I use the DNS forwarding functionality to limit what they have access to after they connect.

What I make of it:
The users device knows it is connected (there is a DNS server, a gateway) : the link seems up.
But may DNS requests will not receive a reply - or a wrong reply.
What does the 'app' doing with this situation ?? A request to resolve i.e. facebook.com will yield many retries because it 'won't work'.

So: use tcpdump incoming port 53 - protocol UDP and TCP to see if your DNS resolver get swamped …

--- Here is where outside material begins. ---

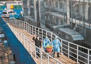 据新华社武汉2月4日电(记者 贾启龙 黎云) 经过军队支援湖北医疗队扎实细致、紧张有序的准备工作,武汉火神山新型冠状病毒感染肺炎专科医院开始正式接诊新型冠状病毒感染的肺炎确诊患者。4日9时30分,在军队医护人员的陪护下,由武汉市定点收治医院转诊而来的部分患者缓缓走进病房,一些身体虚弱的患者则或乘坐轮椅或躺在病床上被推进病区。 为了提高科学施治质量,在收治病人前,军队支援湖北医疗队医护人员预先进行了严格的培训和考核,明确医护人员“不达标不上岗”。同时,医院还安排10余位感染病、呼吸、重症医学等专家 “坐镇”,确保疑难重症患者在诊断时能“一锤定音”。 患者被收治病房后,全身严密防护的医生带着护士开始逐间查房,详细询问每个患者的病情,并给呼吸不畅的患者通上了氧气。4日起,他们将在隔离区内接受军队支援湖北医疗队的全面诊治。 图为武汉火神山新型冠状病毒感染肺炎专科医院医护人员将患者送入病房。新华社记者 肖艺九 摄

=> This is just an idea ....

carzin

This is fun. Another zone, different from the last time, died. And this is in the syslog:

Nov 1 10:58:17 lighttpd[34493]: (connections.c.305) SSL: 1 error:1408A0C1:SSL routines:SSL3_GET_CLIENT_HELLO:no shared cipher
Nov 1 10:58:17 lighttpd[34493]: (connections.c.305) SSL: 1 error:1408A10B:SSL routines:SSL3_GET_CLIENT_HELLO:wrong version number
Nov 1 11:08:19 lighttpd[34493]: (connections.c.305) SSL: 1 error:1408A0C1:SSL routines:SSL3_GET_CLIENT_HELLO:no shared cipher
Nov 1 11:08:19 lighttpd[34493]: (connections.c.305) SSL: 1 error:1408A10B:SSL routines:SSL3_GET_CLIENT_HELLO:wrong version number
Nov 1 11:18:21 lighttpd[34493]: (connections.c.305) SSL: 1 error:1408A0C1:SSL routines:SSL3_GET_CLIENT_HELLO:no shared cipher
Nov 1 11:18:21 lighttpd[34493]: (connections.c.305) SSL: 1 error:1408A10B:SSL routines:SSL3_GET_CLIENT_HELLO:wrong version number
Nov 1 11:28:23 lighttpd[34493]: (connections.c.305) SSL: 1 error:1408A0C1:SSL routines:SSL3_GET_CLIENT_HELLO:no shared cipher
Nov 1 11:28:23 lighttpd[34493]: (connections.c.305) SSL: 1 error:1408A10B:SSL routines:SSL3_GET_CLIENT_HELLO:wrong version number
Nov 1 11:38:25 lighttpd[34493]: (connections.c.305) SSL: 1 error:1408A0C1:SSL routines:SSL3_GET_CLIENT_HELLO:no shared cipher
Nov 1 11:38:25 lighttpd[34493]: (connections.c.305) SSL: 1 error:1408A10B:SSL routines:SSL3_GET_CLIENT_HELLO:wrong version number
Nov 1 11:48:27 lighttpd[34493]: (connections.c.305) SSL: 1 error:1408A0C1:SSL routines:SSL3_GET_CLIENT_HELLO:no shared cipher
Nov 1 11:48:27 lighttpd[34493]: (connections.c.305) SSL: 1 error:1408A10B:SSL routines:SSL3_GET_CLIENT_HELLO:wrong version number
Nov 1 11:51:04 lighttpd[34493]: (connections.c.305) SSL: 1 error:1407609C:SSL routines:SSL23_GET_CLIENT_HELLO:http request
Nov 1 11:54:23 lighttpd[34493]: (connections.c.305) SSL: 1 error:1407609C:SSL routines:SSL23_GET_CLIENT_HELLO:http request
Nov 1 11:58:29 lighttpd[34493]: (connections.c.305) SSL: 1 error:1408A0C1:SSL routines:SSL3_GET_CLIENT_HELLO:no shared cipher
Nov 1 11:58:29 lighttpd[34493]: (connections.c.305) SSL: 1 error:1408A10B:SSL routines:SSL3_GET_CLIENT_HELLO:wrong version number
Nov 1 12:02:27 lighttpd[34493]: (connections.c.305) SSL: 1 error:1407609C:SSL routines:SSL23_GET_CLIENT_HELLO:http request
Nov 1 12:05:33 lighttpd[34493]: (connections.c.305) SSL: 1 error:1407609C:SSL routines:SSL23_GET_CLIENT_HELLO:http request
Nov 1 12:08:31 lighttpd[34493]: (connections.c.305) SSL: 1 error:1408A0C1:SSL routines:SSL3_GET_CLIENT_HELLO:no shared cipher
Nov 1 12:08:31 lighttpd[34493]: (connections.c.305) SSL: 1 error:1408A10B:SSL routines:SSL3_GET_CLIENT_HELLO:wrong version number

Gertjan

Probably a client connection to a '443' (https) not using a https 'talk'.